I am having difficulty locating any information for my assignment which has been set to discuss the divergent views of composers from Beethoven to Mahler in the romantic period towards programme music & absolute music.

My answer is to be supported with appropriate musical examples & quotations.

Can anyone provide guidance as to where I should be looking for relevant information on this topic?


----------



## David C Coleman (Nov 23, 2007)

This maybe a bit obvious. But have you tried the internet or libraries??


----------



## JohnB (Dec 6, 2007)

David

Can you suggest any internet sites

or books?


----------



## Kurkikohtaus (Oct 22, 2006)

That topic is so very broad, the formulation "composers from Beethoven to Mahler" scares me.
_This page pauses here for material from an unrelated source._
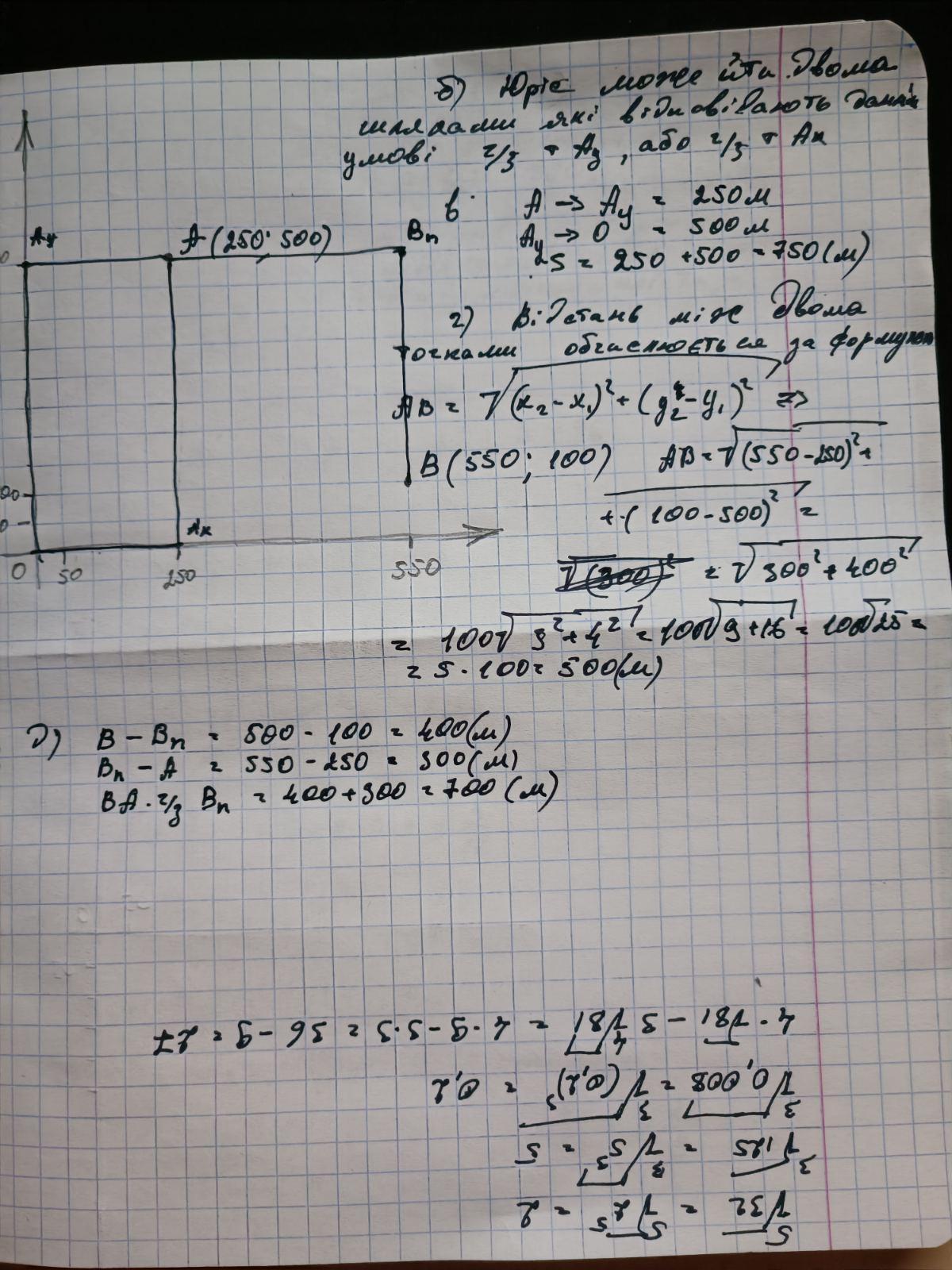(250 м; 500 м), а резиденция Мартиньша – точка Б (550 м; 100 м).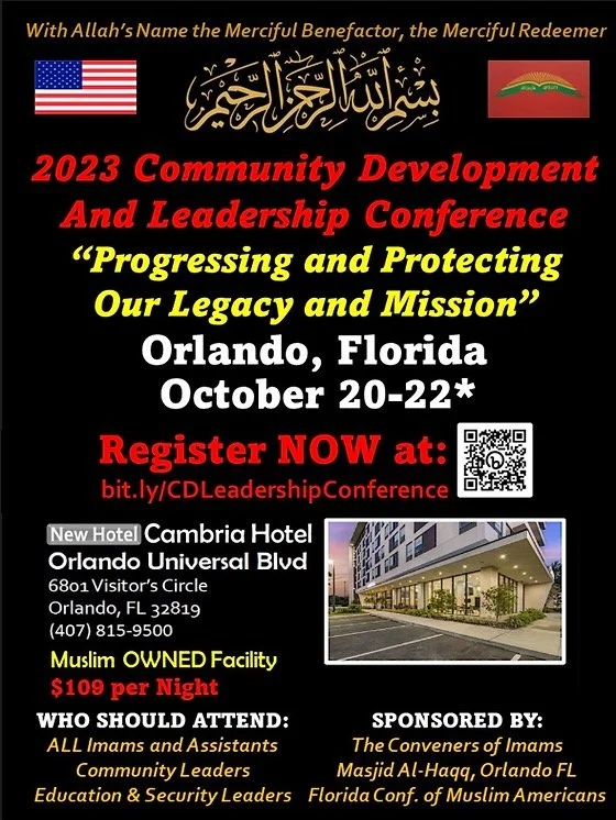 A flyer advertising the 2023 Community Development And Leadership Conference sponsored by the Conveners of Imams. The flyer extends and open invitation to various persons in the Community of Imam W. Deen Mohammed.

First of all, narrow down your composer list. A good pick of 5 that are relevant to this topic would be...

Beethoven
Berlioz
Dvorak
Tchaikovsky
Mahler
... in that they all wrote absolute *and *programme music, sometimes combining elements of the two in a single form. But even those 5 could leave you with a very unwiely project, I think comparing the works and approaches of 2 of them would make a very good essay.

As far as sources are concerned, to really be able to discuss this in any detail, you need scores more than books, you need a knowledge of the music itself and the techniques used by the composers. No book will tell you more about that than the score itself.

But if you must, try the general purpose Groves Encyclopedia for a start, perhaps it will list further references. Click HERE or try a library.


----------